_WORK TASK:_ Below are records with pictures; copy word for word only the lines between the line with "Kurz aus dem" and the line with "体能测评包括三个项目,分别为", inclusive, and drop the pictures.

_RECORDS PROVIDED:_
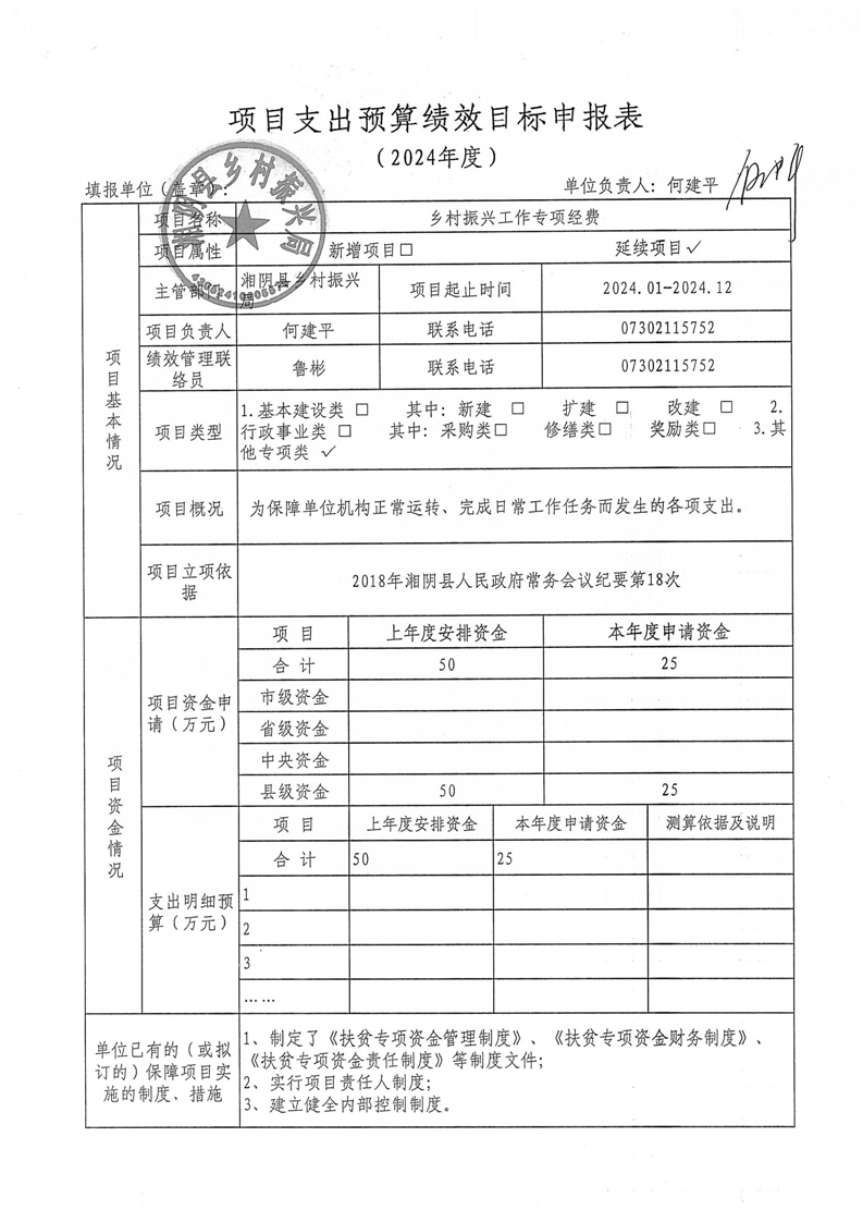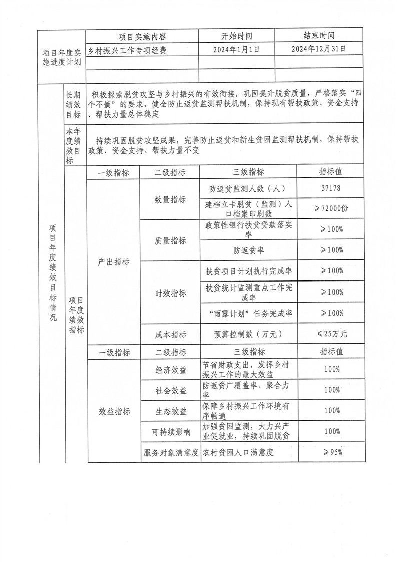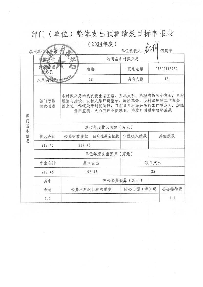 2024年-湘阴县乡村振兴局-整体支出预算绩效目标申报表
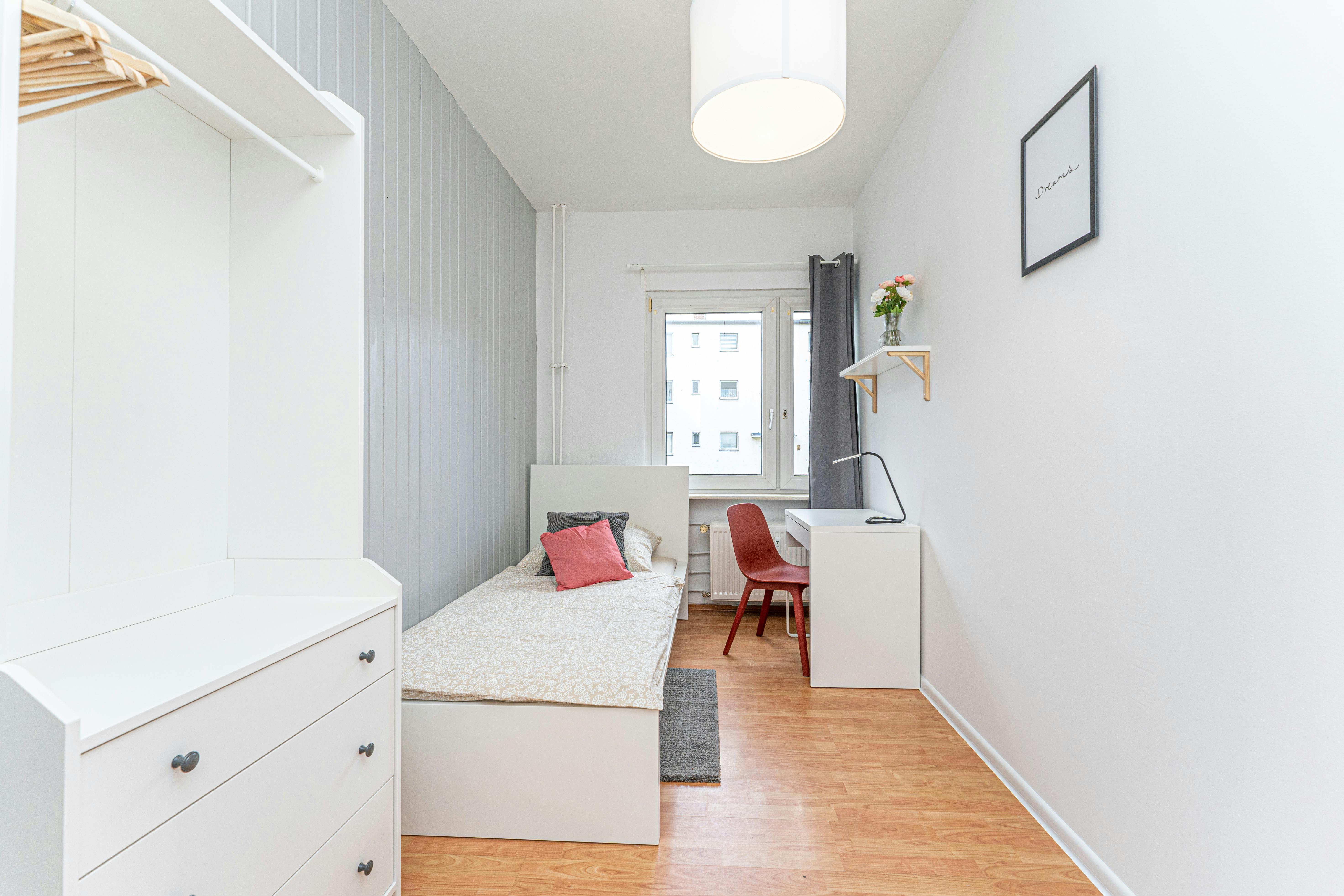 Room 3 Hi Guys, this is a fully furnished room in a shared flat. The room has a comfortable bed, a desk with chair and a wardrobe for your clothes. Also the common areas are fully equipped with washing machine, cooking equipment and all you need for your daily living. Anmeldung/Registration is possible. The monthly rent price is all inclusive (rent + heating + water + Internet + GEZ/german TV license fee). For the move in dates we have only the 1st or the 16th of each month a tenant can move in. In specific cases we have a flexible move in date, but this needs to discuss in our messages. plus the deposit of 950€, which needs to be payed before move in via bank transfer in a single payment....
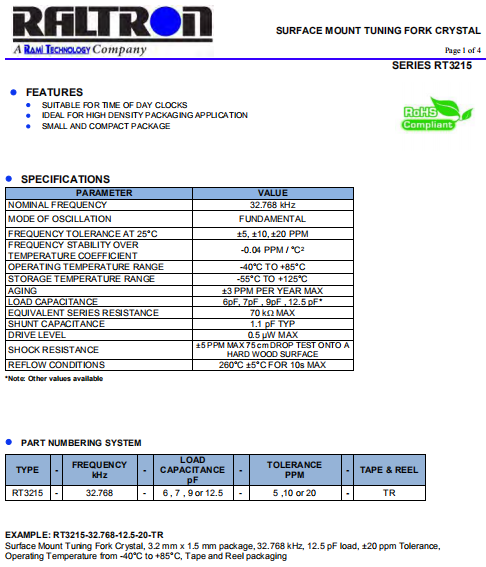 | RALTRON晶振 | 單位 | RT3215晶振 | 石英晶振基本條件 |
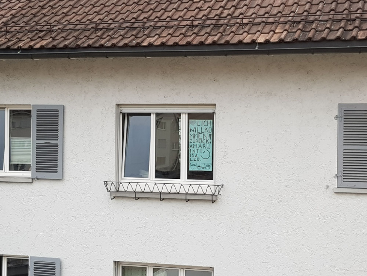 Kurz aus dem Fenster geschaut, erblickten wir ein grosses ans Fenster geklebte Willkommensplakat unserer Nachbarn. Auch diese Überraschung war geglückt. Vielen Dank liebe Anna und lieber Stefan.
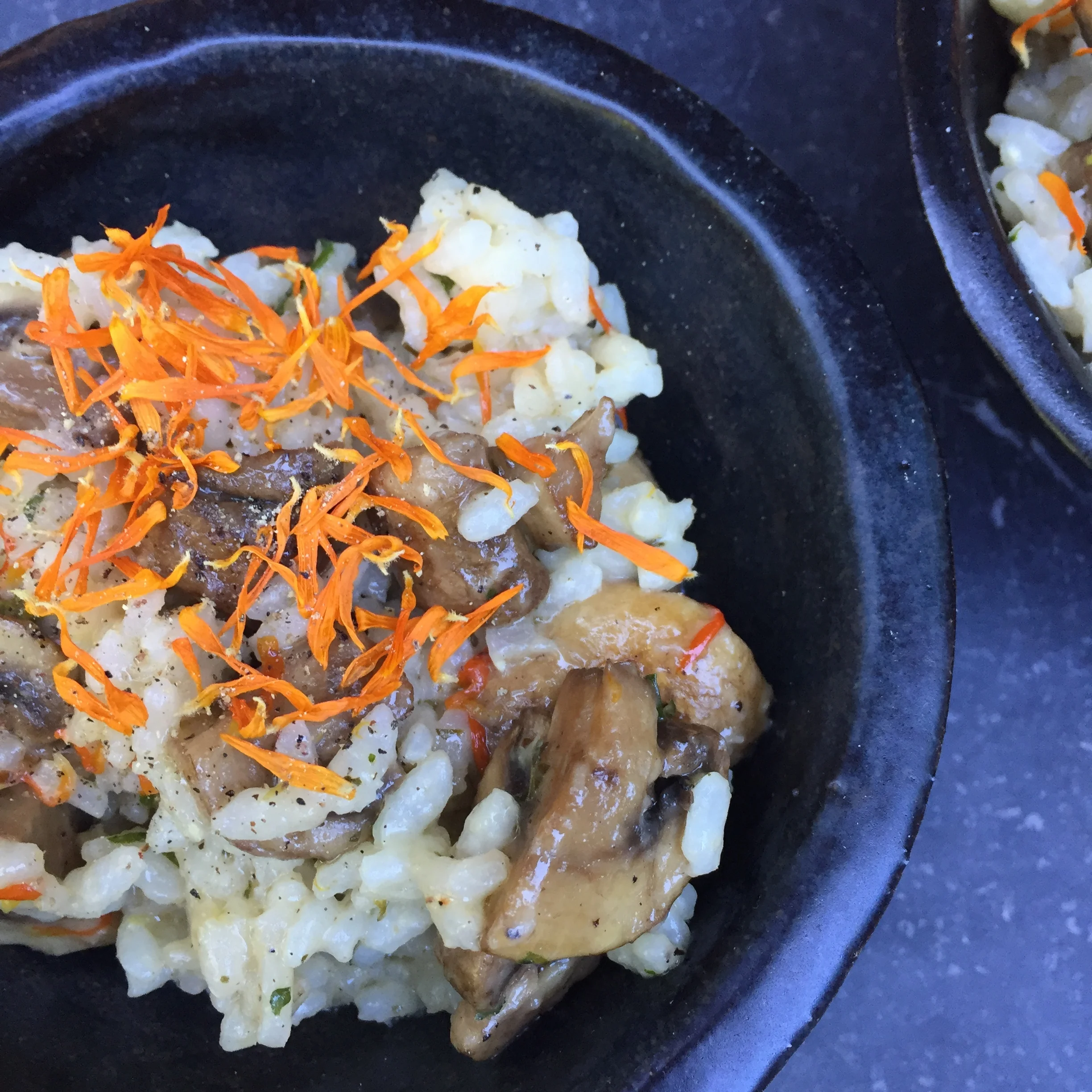 ![MUSHROOM RISOTTO WITH DRIED CALENDULA PETALS]()
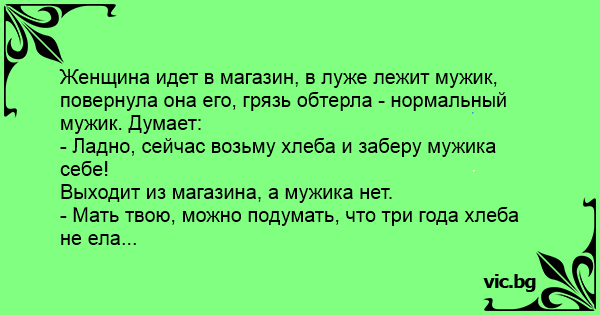 Женщина идет в магазин, в луже лежит мужик, повернула она его, грязь обтерла - нормальный мужик. Думает:
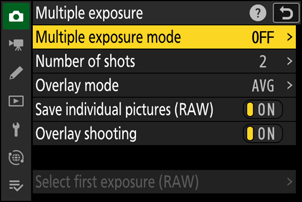 Per salvare sia l'esposizione multipla che gli scatti che la compongono, selezionare [ ON ]; gli scatti individuali vengono salvati in formato NEF ( RAW ). Per salvare solo l'esposizione multipla, selezionare [ OFF ].
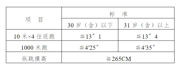 体能测评包括三个项目,分别为纵跳摸高、10米×4往返跑、1000米跑,每个项目测试次数不超过2次。体能测评采用达标制,任意一项不达标的,即为体能测评不合格,不进入下一环节。体能测评不设缓测、补测,达标标准详见下表。
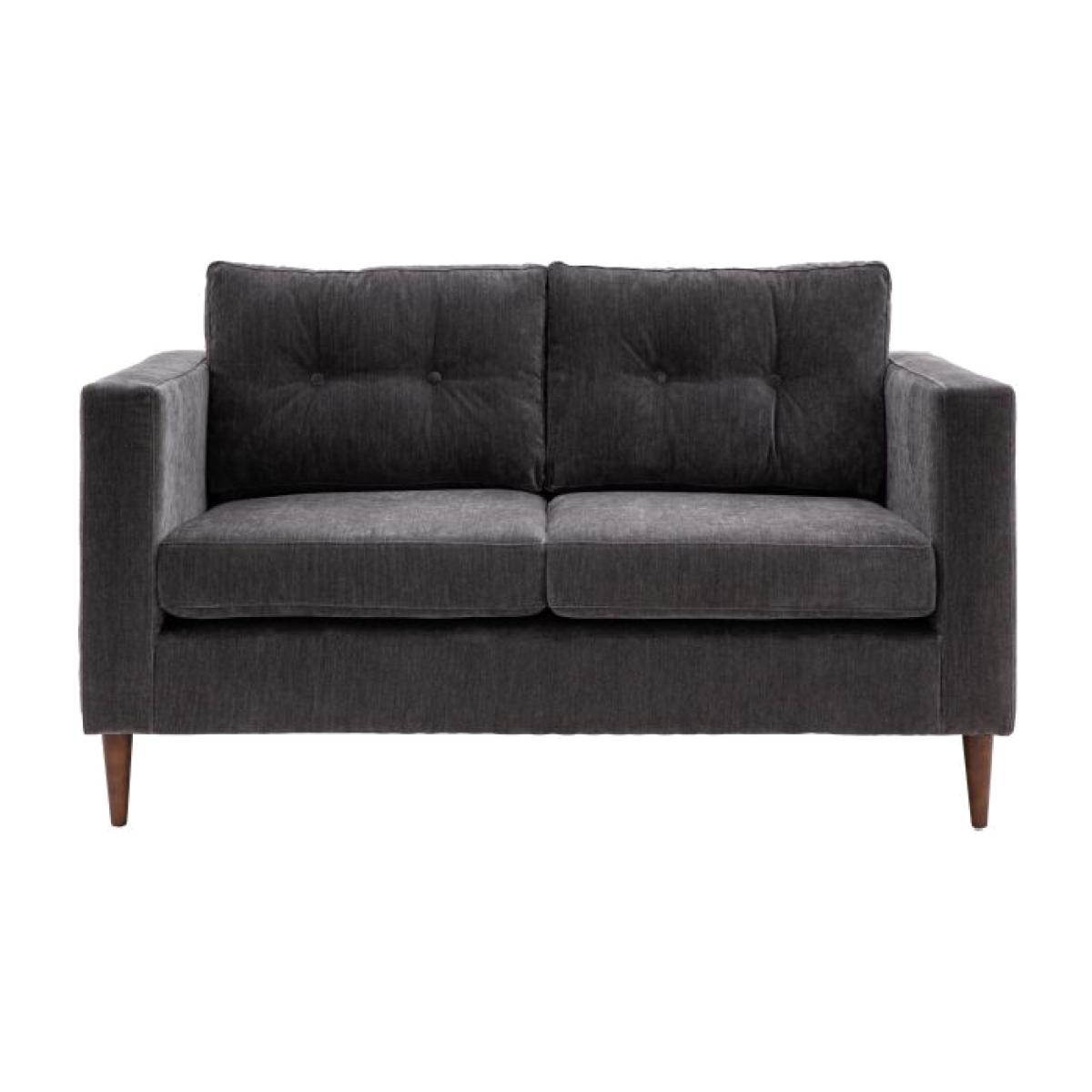 Ideal for contemporary style interiors, this lovely sofa features sleek lines with block arms and button detailing on the back cushions paired with elegant tapered wooden feet. It is upholstered in a lovely charcoal grey fabric but is also available in green and natural. A matching armchair and 3-seater sofa are available. Material:Pine 45% / Foam 23% / Fabric 13% / Plywood 10% / Beech 9%. Colour/Finish: Charcoal.
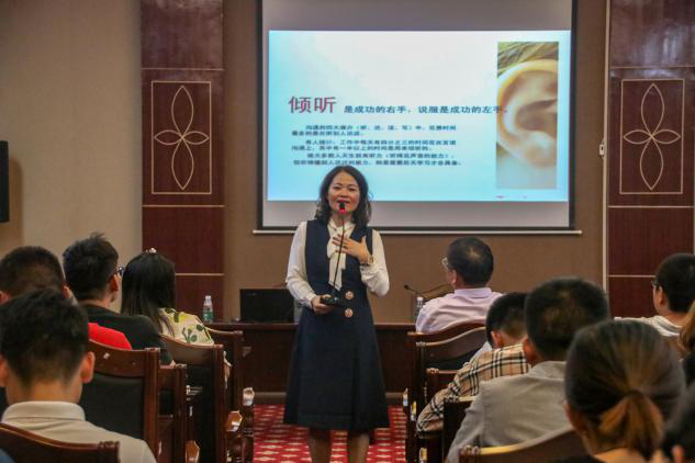 本网讯(通讯员:张晶晶林欣)为进一步加强新形势下大学生思想政治教育工作,切实加强我校辅导员队伍建设,提高辅导员工作能力,9月22日晚上7点30分,学工部组织全体辅导员老师在行政楼八楼三会议室开展专题学习培训,此次学习培训特别邀请到荣获2019年全国优秀教育者等称号的杰出校友——中南林业科技大学心理主任袁红梅博士,袁老师以《赢得人心的艺术——辅导员谈心谈话技术》为题,为在场老师带来了一堂生动而深刻的专题报告,讲座由学工部长唐华山教授主持,各学院党总支副书记、辅导员参加。

_YOUR RESPONSE:_
 Kurz aus dem Fenster geschaut, erblickten wir ein grosses ans Fenster geklebte Willkommensplakat unserer Nachbarn. Auch diese Überraschung war geglückt. Vielen Dank liebe Anna und lieber Stefan.
 ![MUSHROOM RISOTTO WITH DRIED CALENDULA PETALS]()
 Женщина идет в магазин, в луже лежит мужик, повернула она его, грязь обтерла - нормальный мужик. Думает:
 Per salvare sia l'esposizione multipla che gli scatti che la compongono, selezionare [ ON ]; gli scatti individuali vengono salvati in formato NEF ( RAW ). Per salvare solo l'esposizione multipla, selezionare [ OFF ].
 体能测评包括三个项目,分别为纵跳摸高、10米×4往返跑、1000米跑,每个项目测试次数不超过2次。体能测评采用达标制,任意一项不达标的,即为体能测评不合格,不进入下一环节。体能测评不设缓测、补测,达标标准详见下表。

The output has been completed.